Despite his sense of paradox, Kenny is careful not to merely indulge the obvious irony of disjunction that has provided the fodder for so much art in recent years. He also manages - and this may be the crux of the matter - to weave a deeply felt thread of poetry into each work. In the boxes of facts, for instance, one can begin at any point in the work, and experience sorrow, pity, inward smiles and out-loud laughter in any order and still come away with a coherent sense of meaning and pathos. It is as if people's need to realise and imprison certainty in statements of fact is greater than their desire for such statements to be true or false, happy or sad. One senses that, in the words of William Blake, “all things possible to be believed are an image of truth”.
 

In Warehouse, the impersonal boldness of a quasi-industrial building, incorporating a taxonomy of wall-spaces (which vaguely recall Le Corbusier's chapel at Ronchamp), is undermined by the pathos of the fact that the building is designed in the form of a discarded shirt (a motif that featured in Kenny's early work). The garment is sorrowfully suggestive, maybe like a tombstone, of the absent person who is no longer wearing it. But it is also alive, anxious and inviting in the sense that a heart may be locked behind the bars in its chest; and its door, mildly evocative of a crotch, is slightly ajar. This is a world of visual metaphor and punning, where things that look like each other are made to become each other - just as homonyms telescope meanings into each other. In this world, a warehouse becomes a 'house you can wear', and a 'house that asks “where?”’.
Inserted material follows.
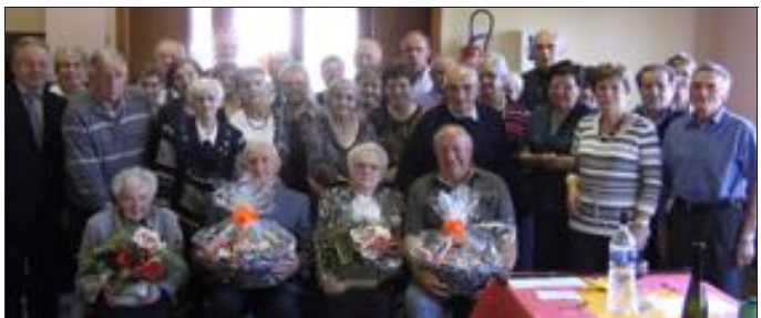
Des cadeaux ont été remis aux doyens de l'assemblée.

Grand soleil à l'extérieur, ambiance chaleureuse à l'intérieur. Comme toujours c'est avec un grand plaisir que les aînés de Ritzing et Launstroff se sont retrouvés dimanche dernier au foyer socio-éducatif à Launstroff pour le traditionnel repas offert par les deux municipalités. La plupart des personnes se connaissant depuis l'enfance, elles ont échangé anecdotes et souvenirs tout en se régaland des bons petits plats servis par les élus et leurs conjoints. Elles

Kenny's map-works have neither anthropomorphic shapes nor verbal statements to humanise them. In place of these motifs, roads, football pitches, dual carriageways, golf-club car parks and innumerable other routes and places - all cut from maps from around the world and identified in numerous different languages - are re-arranged in new configurations and raised on pins, like miniature spaghetti junctions. These re-workings of maps do not record geographical areas; they chart the very nature of place itself, and the processes of mind and memory that are accommodated there. Despite the absence of manifestly personal frames of reference, the map-works are infused with a distinctive poetry that conflates the absurdity and tragedy of human tendencies. This is achieved by visualising the routes and routines that we create for ourselves (which, in maps, become depersonalised and subject to their own conventions) and allowing them to reflect the tragic absurdity of our attempts to rationalise our lives. The works appear to conform to the conventional notion that 'places are relative to each other', which it is the business of maps to convey; but they also suggest, by rendering the relationships between places arbitrary and meaningless, that there is only one place in the universe - a multifarious place no doubt, but nonetheless a single one - which is the totality of space itself. Either there is nowhere to go - in which case a map is superfluous - or, as the proverbial village idiot (or sage?) said when asked how to get to the city: “you can't get there from here!”. In each case, as Kenny playfully suggests (without ever being earnest and explicit), it is impossible and absurd to attempt to navigate one's way through life strategically. But he is not po-faced about this futility. Far from it. The refreshing and shameless enjoyment of exuberant shape and colour in the map works - they are almost painterly - reflects a subtle acceptance and wry celebration of the fact that just being here, however convoluted, incomprehensible and absurd it may seem, is enough, more than enough; delicious, even.